Streptococcus bovis (gallolyticus) endocarditis has a strong association with colorectal cancer; colonoscopy is mandatory.

Pathophysiology - Seeding the Valves

  • Starts with endothelial injury (e.g., turbulent flow, catheter).
  • This triggers platelet-fibrin deposition, forming a sterile thrombus (Nonbacterial Thrombotic Endocarditis, NBTE).
  • Transient bacteremia introduces microorganisms.
  • Bacteria adhere to the NBTE nidus via adhesin proteins.
  • Proliferation within a biofilm creates the mature, protected vegetation.

Infective Endocarditis Pathophysiology

Staphylococcus aureus is highly virulent; its fibronectin-binding proteins allow it to adhere directly to both damaged and intact endothelium, bypassing the need for prior NBTE.

Clinical Features - FROM JANE with Love

📌 FROM JANE

  • Fever: Most common finding.
  • Roth spots: Retinal hemorrhages with pale centers.
  • Osler nodes: Tender subcutaneous nodules on digits (Ouch!).
  • Murmur: New or worsening heart murmur (usually regurgitant).
  • Janeway lesions: Non-tender erythematous macules on palms/soles.
  • Anemia: Anemia of chronic disease.
  • Nail-bed hemorrhages: Splinter hemorrhages.
  • Emboli: Septic emboli to brain, spleen, kidney.

Clinical signs of infective endocarditis

⭐ In IV drug users, suspect tricuspid valve endocarditis, often caused by S. aureus.
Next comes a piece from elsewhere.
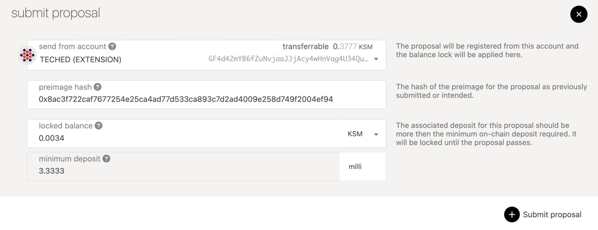 Now you will click on the "Submit proposal" button and enter the preimage hash in the input titled "preimage hash" and at least the minimum deposit into the "locked balance" field. Click on the "Submit proposal" button and confirm the transaction. You should now see your proposal appear in the "proposals" column on the page.
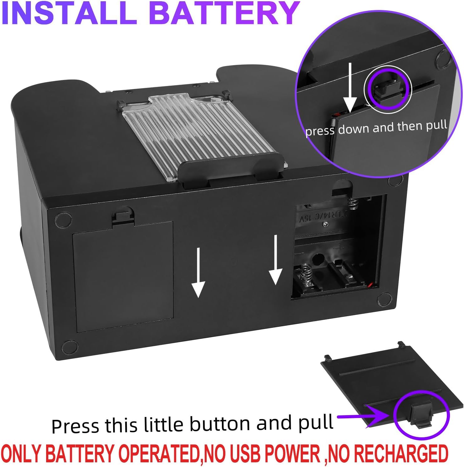 - FEIERYA automatic card shuffler made of high-quality materials,easy to use,help you shuffles 6 deck poker cards in seconds( only battery operated,no usb power no recharged)

Murmur may be subtle or absent.

Diagnosis - The Duke's Decree

Requires: 2 Major, OR 1 Major + 3 Minor, OR 5 Minor criteria.

  • Major Criteria:
    • Blood cultures positive for typical IE organisms from 2 separate samples.
    • Evidence of endocardial involvement on echocardiogram (vegetation, abscess) or new valvular regurgitation.
  • Minor Criteria: 📌 FROM JANE
    • Fever >38°C
    • Risk factor (e.g., IVDU, prosthetic valve)
    • Osler's nodes, Microbiologic evidence (not major)
    • Janeway lesions, Arterial emboli, Nephritis (glomerulo-), Echo findings (not major)
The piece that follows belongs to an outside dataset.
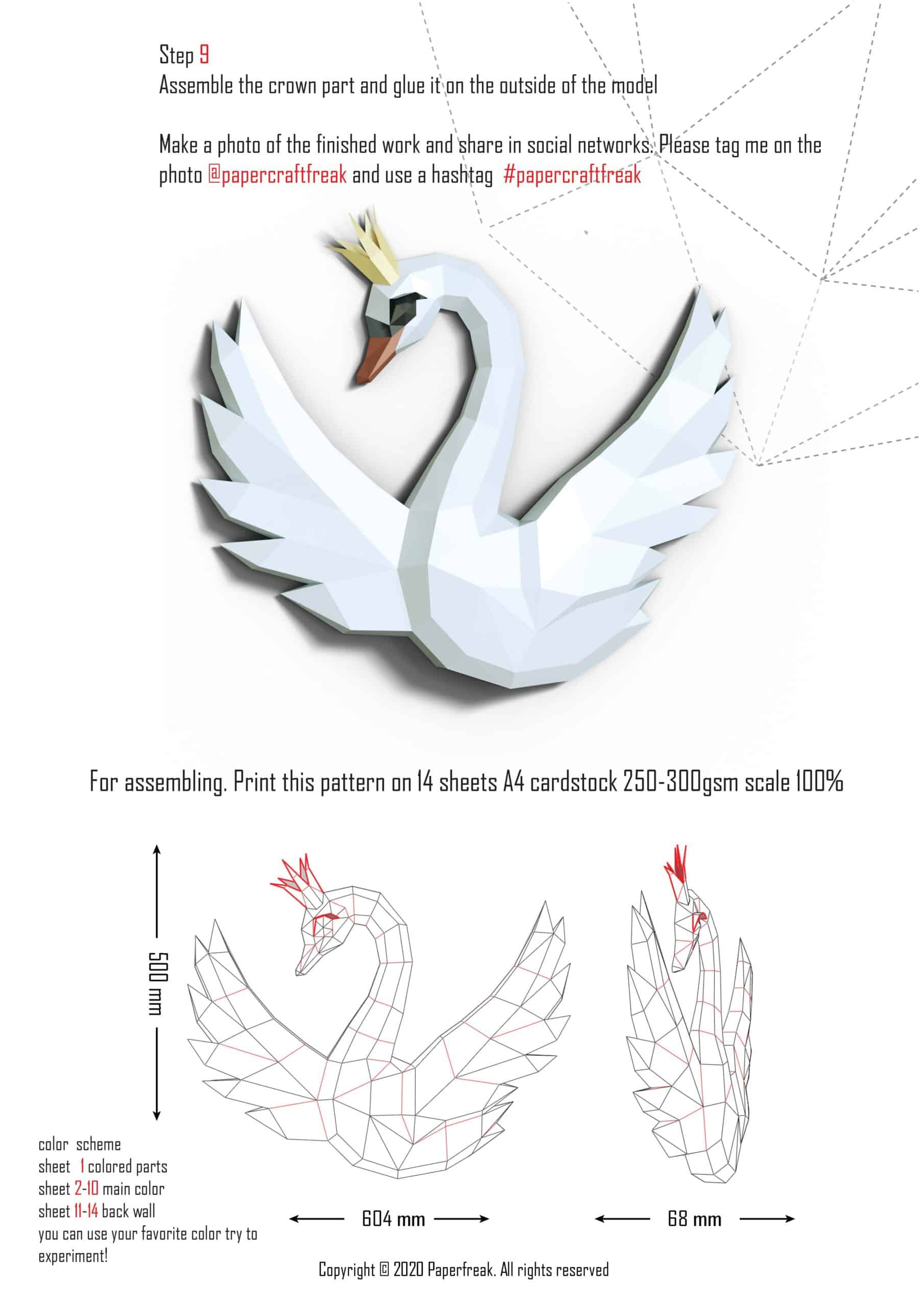 Características técnicas do papercraft cisne com coroa em origami 3D

Modified Duke Criteria for Infective Endocarditis

⭐ Culture-negative endocarditis is often caused by Coxiella burnetii, Bartonella spp., or the HACEK organisms (Haemophilus, Aggregatibacter, Cardiobacterium, Eikenella, Kingella).
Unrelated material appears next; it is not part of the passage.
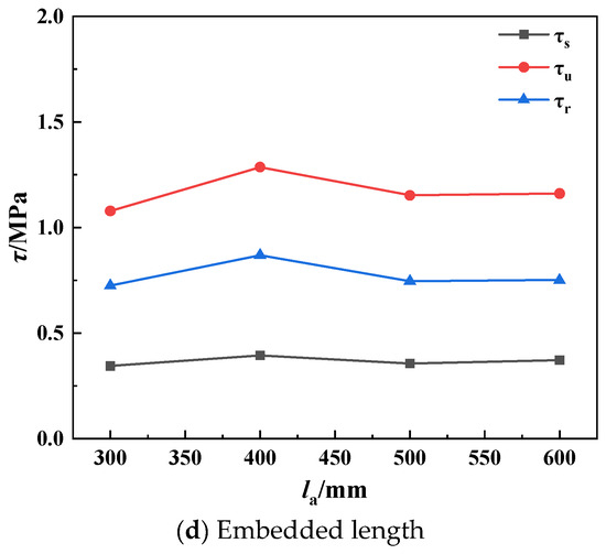 The maximum initial, ultimate, and residual bond strength are observed when the embedded length of the shaped steel is 400 mm, as depicted in Figure 7d. When the embedded length of the shaped steel exceeded 400 mm, there was a gradual decrease in both ultimate and residual bond strength, which tended to stabilize with a further increase in embedded length.
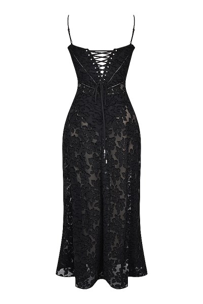 'Seren' is perhaps our most romantic dress yet and we're loving the corset inspired lace up back for a vintage feel. It's cut from a luxurious textured Jacquard in black, embellished with floral blooms. 'Seren' features a flattering shaped bust with delicate rouleau shoulder straps and comes complete with matching undies.

Management & Prophylaxis - Bug Battle Plan

  • Specific Therapy:
    • Staph aureus (MSSA): Nafcillin/Oxacillin
    • Strep viridans: Penicillin G or Ceftriaxone
  • Prophylaxis: Amoxicillin for high-risk patients (prosthetic valves, prior IE) before dental or respiratory procedures.

⭐ Aminoglycosides (e.g., Gentamicin) create pores in the bacterial cell wall, enhancing the entry of cell-wall active agents like Penicillin or Vancomycin.

  • S. aureus is the most common cause, especially in IV drug users affecting the tricuspid valve.
  • Strep viridans causes subacute IE, typically after dental procedures on damaged native valves.
  • S. epidermidis is a primary cause of prosthetic valve endocarditis.
  • An association with S. bovis (gallolyticus) strongly suggests underlying colon cancer.
  • Classic signs: Fever, new murmur, Janeway lesions (painless), Osler nodes (painful), Roth spots.
  • Diagnosis is based on Duke criteria, requiring positive blood cultures and echocardiogram findings.